As though these words were a signal, Mack, the hound, who had up to now rested as motionless as though frozen to his place, raised himself on his haunches and gazed earnestly to the north.
In the distance Dick seemed to make out an object moving. As he had so often done before, by an effort he brought his eyes to focus, expecting, as also had happened so often before, that the object would disappear. But it persisted, black against the snow. Its outlines could not be guessed; its distance could not be estimated, its direction of travel could not be determined. Only the bare fact of its existence was sure. Somewhere out in the waste it, moving, antithesised these other three black masses on the whiteness, the living man, the living animal, the dead girl.
Dick variously identified it. At one moment he thought it a marten near at hand; then it became a caribou far away; then a fox between the two. Finally, instantaneously, as though at a bound it had leaped from indeterminate mists to the commonplace glare of every day, he saw it was a man.

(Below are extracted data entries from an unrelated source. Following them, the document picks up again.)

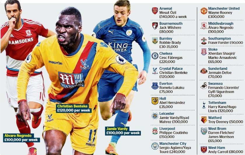 Az angol élvonalbeli klubok legjobban kereső futballistái. (Forrás: Daily Mail)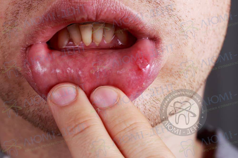 Что такое стоматит — это заболевание, которое проявляется появлением на слизистой оболочке полости рта — на языке, стоматит на губах, щеках, небе — «пузырей», небольших язв во рту, ранок, афт, язвочек, вавок, эрозий и других не менее неприятных и болезненных новообразований — вот основные симптомы стоматита.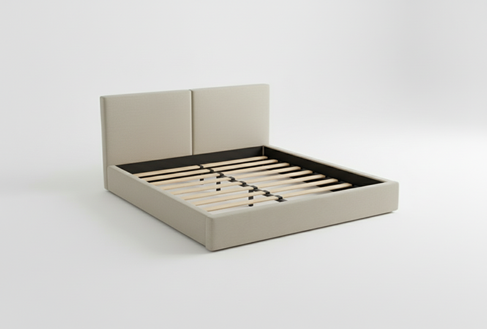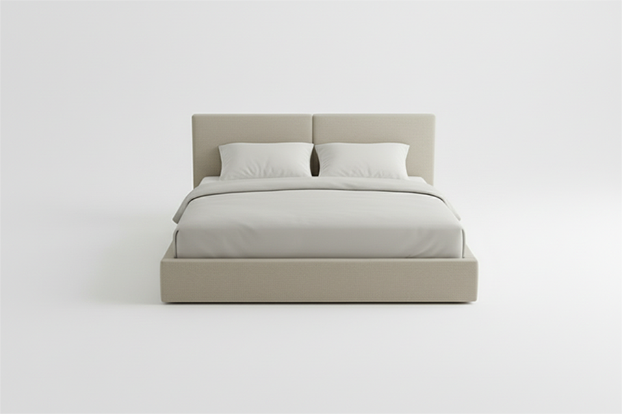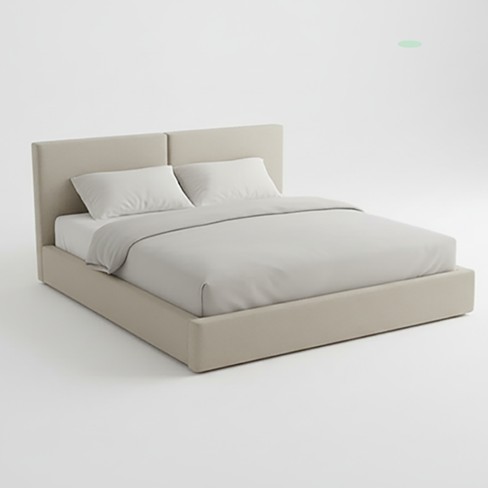 Cama de líneas arquitectónicas y cabecero plano. Diseño minimalista con énfasis en la suavidad visual y el confort Estructura tapizada que ofrece una estética envolvente. Perfecta para dormitorios modernos y espacios relajantes.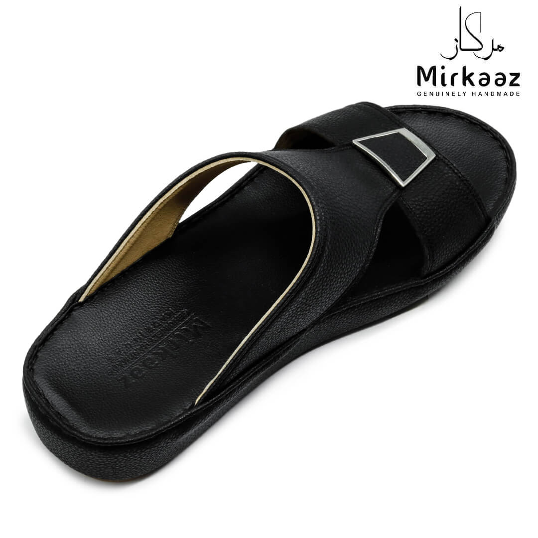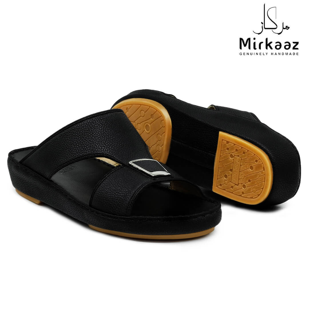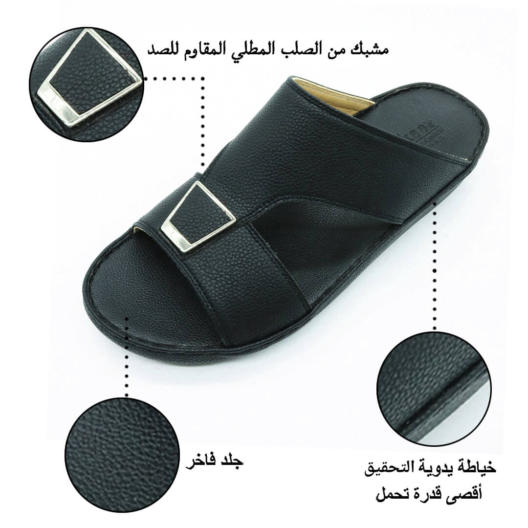 حافظ على راحة وسلامة قدميك من خلال صنادل الجلد المميزة من دار ميركاز في الإمارات العربية المتحدة. فهذا النعال الغني بالنقوش مثالي لجميع المناسبات. نعال مصنوع من مواد عالية الجودة تتميز بخفة وزنها ومستوى أمانها العالي بفضل النعل "المقاوم للانزلاق". كما أن هذا النعال الجلدي مصمم ليتحمل الاستعمال لفترة طويلة وتمت صناعته بواسطة متخصصين محترفين في الإمارات. فإذا كنت تريد أن تمشي بكل راحة وأناقة فلا تتردد في اقتناء هذا النعال. هذا النعل مصنوع من الداخل من مواد عالية الجودة من البولي يوريثان الذي يتميز بالخفة والمتانة. تمت حياكته يدويًا باستخدام خيط مضفر قوي وتدوم الحياكة لفترة طويلة جدًا. تمنع بطانة النعل الداخلية المصنوعة من مواد عديمة الرائحة تراكم أي نوع من الروائح على سطحها مما يجعلها دائمًا نظيفة حتى بعد الاستخدام الطويل. يوفر المصنع ضمان 6 أشهر للحياكة والنعال

The man was moving painfully, lifting each foot with an appearance of great effort, stumbling, staggering sideways from time to time as though in extreme weakness. Once he fell. Then he recovered the upright as though necklaced with great weights. His hands were empty of weapons. In the uncertainty of his movements he gradually approached.
Now Dick could see the great emaciation of his features. The bones of his cheeks seemed to press through his skin, which was leathery and scabbed and cracked to the raw from much frosting. His lips drew tight across his teeth, which grinned in the face of exhaustion like the travesty of laughter on a skull. His eyes were lost in the caverns of their sockets. His thin nostrils were wide, and through them and through the parted lips the breath came and went in strong, rasping gasps, audible even at this distance of two hundred paces. One live thing this wreck of a man expressed. His forces were near their end, but such of them as remained were concentrated in a determination to go on. He moved painfully, but he moved; he staggered, but he always recovered; he fell, and it was a terrible labour to rise, but always he rose and went on.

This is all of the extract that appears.